[Action item]
Exactly and only the lines below from the one containing "最近、移転して少しだけ広くな" down to the one containing "聲磁硬標簽根據商品不同有小榔頭、大榔頭、扁榔頭、鞋型標簽、酒瓶扣、奶粉扣等。" are wanted, both included; please exclude every picture.

[Given entries]
◆ ◆ ◆ ◆
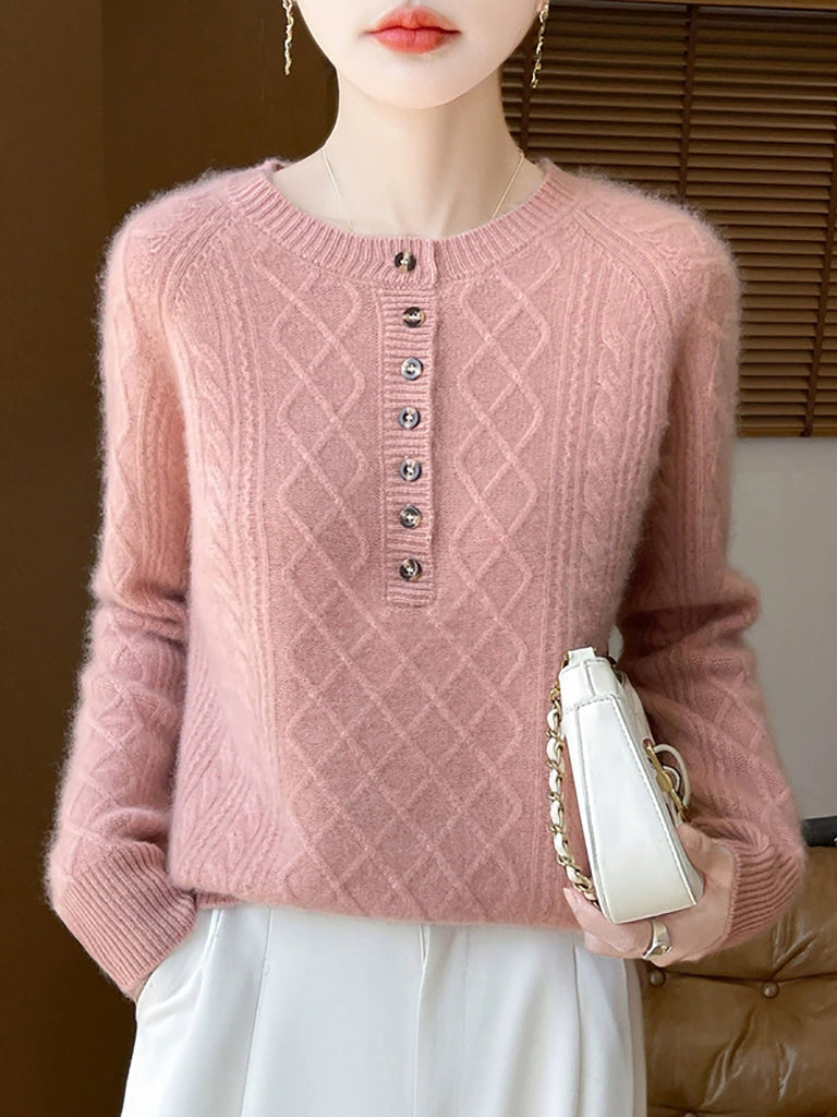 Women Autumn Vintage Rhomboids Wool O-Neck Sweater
◆ ◆ ◆ ◆
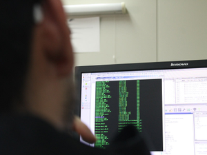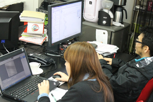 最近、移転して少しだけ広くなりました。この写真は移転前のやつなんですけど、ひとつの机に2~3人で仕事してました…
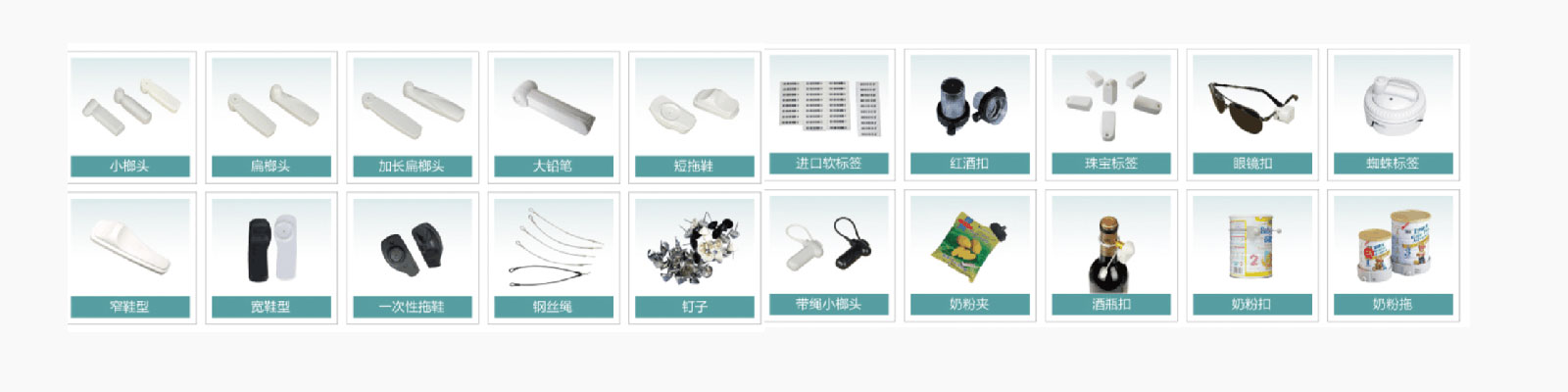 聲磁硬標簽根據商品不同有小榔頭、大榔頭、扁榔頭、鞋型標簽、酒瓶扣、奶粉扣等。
◆ ◆ ◆ ◆
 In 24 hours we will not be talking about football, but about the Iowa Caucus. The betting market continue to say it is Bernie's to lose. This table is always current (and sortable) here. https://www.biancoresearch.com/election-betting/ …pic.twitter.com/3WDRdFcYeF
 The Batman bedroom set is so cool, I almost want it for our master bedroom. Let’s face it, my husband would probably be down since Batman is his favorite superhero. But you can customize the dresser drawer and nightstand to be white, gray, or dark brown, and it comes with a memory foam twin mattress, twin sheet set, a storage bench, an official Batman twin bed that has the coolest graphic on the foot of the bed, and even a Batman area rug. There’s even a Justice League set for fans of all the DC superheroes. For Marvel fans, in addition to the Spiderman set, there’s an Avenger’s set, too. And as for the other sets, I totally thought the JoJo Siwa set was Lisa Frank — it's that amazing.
◆ ◆ ◆ ◆
[Exercise answer]
 最近、移転して少しだけ広くなりました。この写真は移転前のやつなんですけど、ひとつの机に2~3人で仕事してました…
 聲磁硬標簽根據商品不同有小榔頭、大榔頭、扁榔頭、鞋型標簽、酒瓶扣、奶粉扣等。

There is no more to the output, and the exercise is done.